Re: Escaping a blocked sendto() syscall without causing a restart

From: Tom Lane <tgl(at)sss(dot)pgh(dot)pa(dot)us>
To: Jerry Sievers <gsievers19(at)comcast(dot)net>
Cc: pgsql-admin(at)postgresql(dot)org
Subject: Re: Escaping a blocked sendto() syscall without causing a restart
Date: 2013-01-17 21:38:40
Message-ID: 17914.1358458720@sss.pgh.pa.us
Views: Raw Message | Whole Thread | Download mbox | Resend email
Thread:
Lists: pgsql-admin

Jerry Sievers <gsievers19(at)comcast(dot)net> writes:
> Does anyone know if one of the signals below can be sent to break out
> ,of this state *without* the postmaster sensing a crashed backend?

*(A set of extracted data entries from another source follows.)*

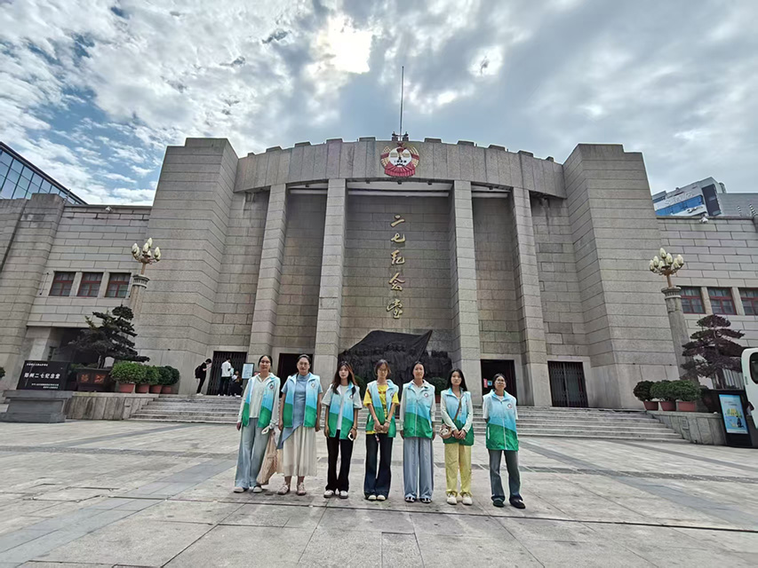 2025年7 月 16日 ,阳光洒在城市的街道上,践行团成员们怀揣着崇敬与期待,踏上了红色寻访之旅。当二七纪念堂巍峨的建筑映入眼帘,厚重的历史感瞬间扑面而来。这座历经岁月洗礼的建筑,静静伫立在城市一隅,无声诉说着往昔的热血故事。成员们身着统一志愿服装,在纪念堂前整齐列队,目光坚定地望向这座承载历史的建筑,一场与历史对话的旅程正式开启。
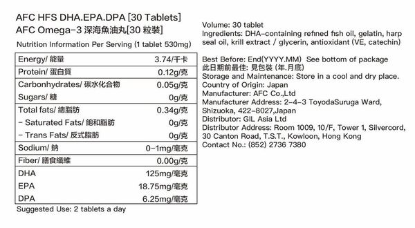 營養成份表示(每1粒530mg):能量:3.74 kcal /蛋白質:0.12g/ 脂肪:0.34g/ –n-3系脂肪酸:0.16g/ 碳水化合物:0.05g/ 食用鹽:0.001g /DHA:125mg/EPA:18.75mg/DPA6.25mg
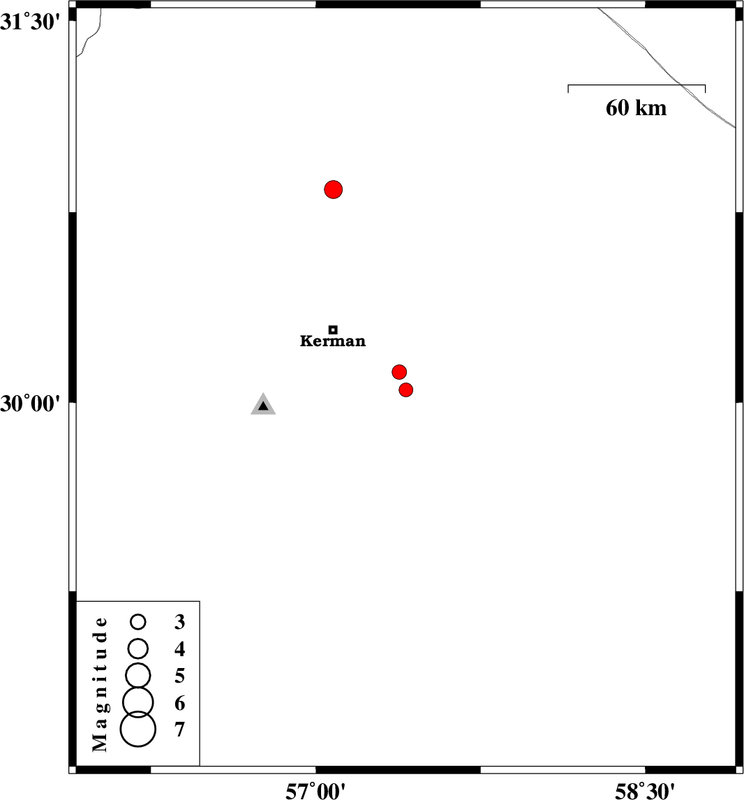 | 2011/04/30 | 08:55:13.2 | 13:25:13.2 | 30.84 | 57.08 | 14 | ML3.7 | Kerman Province, 49 km East of Zarand |
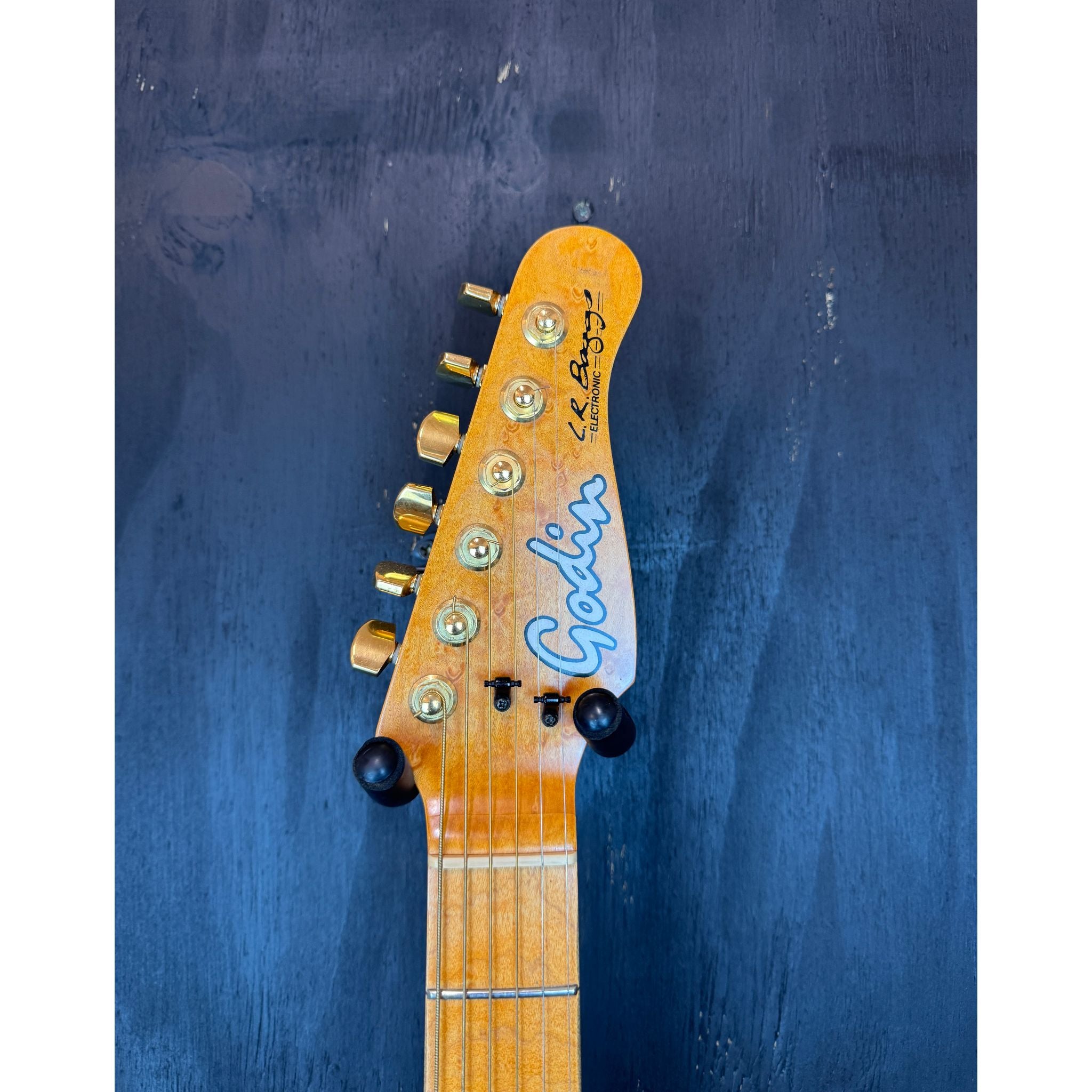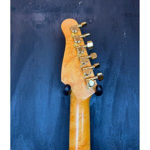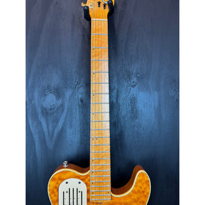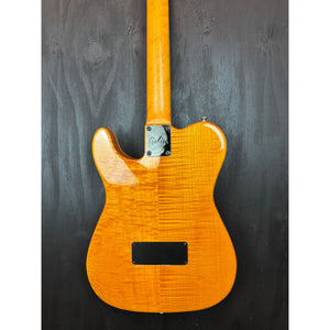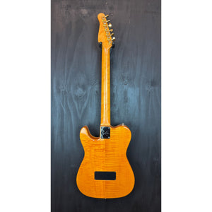 This 1995 Godin Acousticaster is a standout example of Godin’s mid-’90s craftsmanship, built in New Hampshire, USA, with tonewoods sourced and prepped in Quebec, Canada. It features the iconic Telecaster-shaped hollow body with a stunning quilted maple top in a warm amber finish, matched with a high-grade flame maple back that gives it plenty of visual punch while keeping the guitar lightweight and resonant.
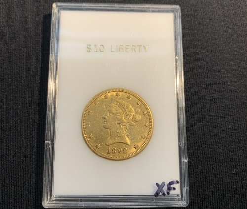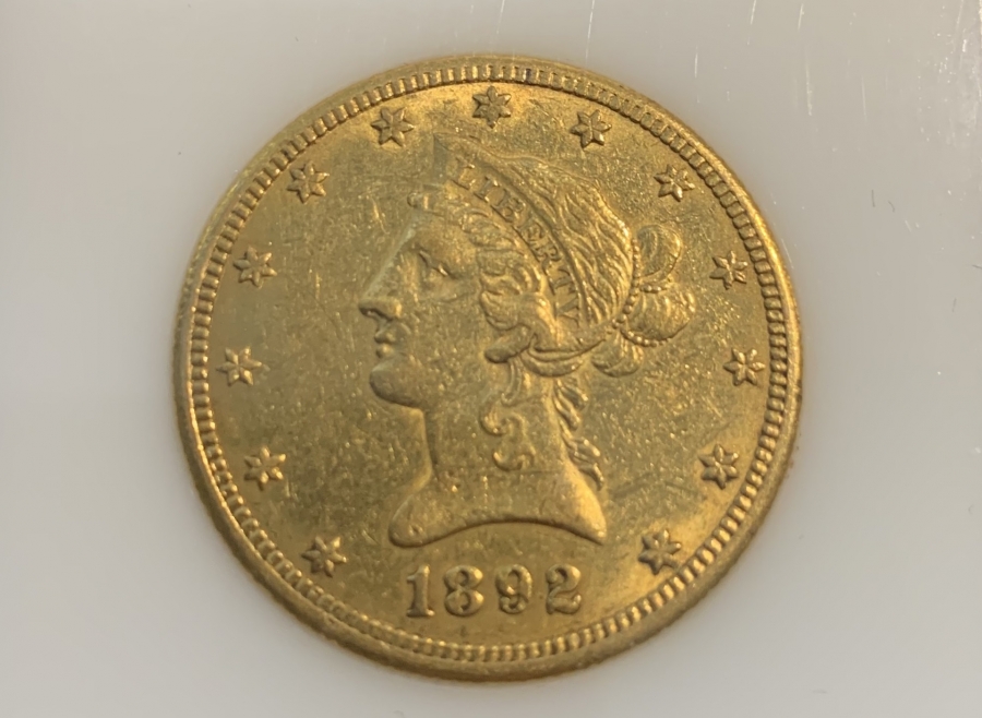 A 1892-O $10 US Liberty Gold Eagle!Only 28,688 of these were minted in New Orleans. 16.7 grams, 90% gold, 10% copper.

> I've seen several times in the past at other companies, backends that
> will not respond to cancel nor SIGTERM due to syscall that's blocked
> on IO.

> Quite often though apparently the backend would notice the broken
> socket eventually and receive the signals and exit cleanly.

> I've got one that's been wedged like that for a couple days now.

> I recall trying several in a similar situation a while ago and of
> course one of them interrupted the syscall all right but it was an
> abort and we got the customary spontaneous postmaster restart.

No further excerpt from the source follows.